When Pope Francis goes to Philadelphia, the pattern shifts, but only slightly. The World Meeting of Families, a Catholic gathering of families every three years hosted this time in Philadelphia, was from the start the reason for his trip to the U.S. Here, Francis adds specifically political moments to a primarily pastoral visit. In addition to celebrating mass at the Cathedral Basilica, visiting the Festival of Families, and meeting the bishops at St. Charles Borromeo Seminary, Pope Francis will visit Philadelphia’s largest prison, the Curran-Fromhold Correctional Facility. What Pope Francis will do there remains to be seen, but his mere presence will both highlight high incarceration rates in the U.S. and make it hard to ignore the Catholic Church’s opposition to the death penalty.

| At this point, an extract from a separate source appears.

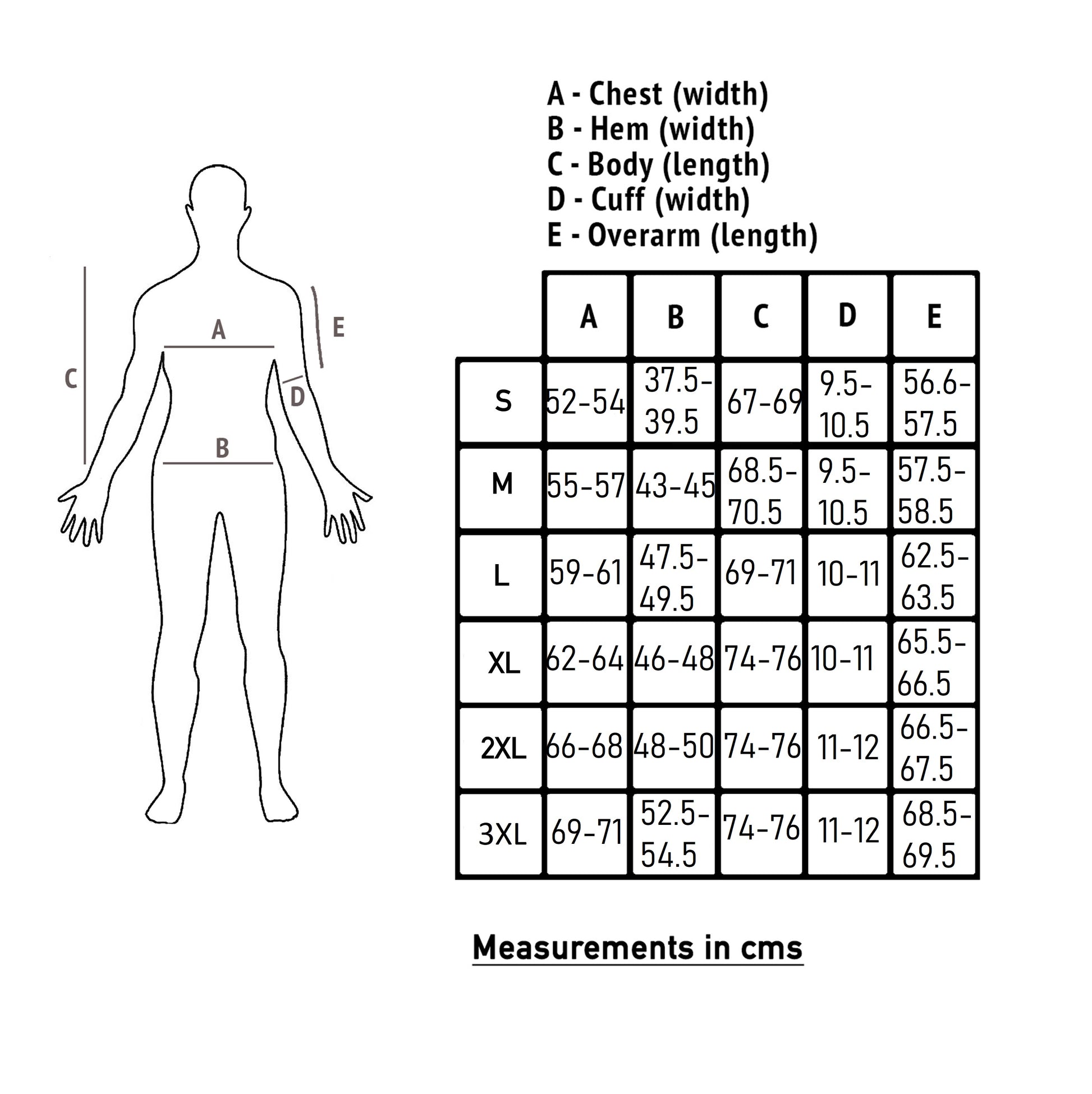 - Garment Size (Chest): Small 42"; Medium 45"; Large 48"; XL 50"; XXL 54"; 3XL 58"

The whole trip concludes with an outdoor mass on the Benjamin Franklin Parkway, where Pope John Paul II celebrated mass in 1979.
Francis’ schedule is like a liturgy. It is a roadmap to guide the desired focus of, and communal participation in, his message. And the places he has chosen—Catholic Charities in Washington, a school in Harlem, an interfaith service at Ground Zero, a prison in Philadelphia—will likely end up saying as much about what Francis’ focus is as anything else.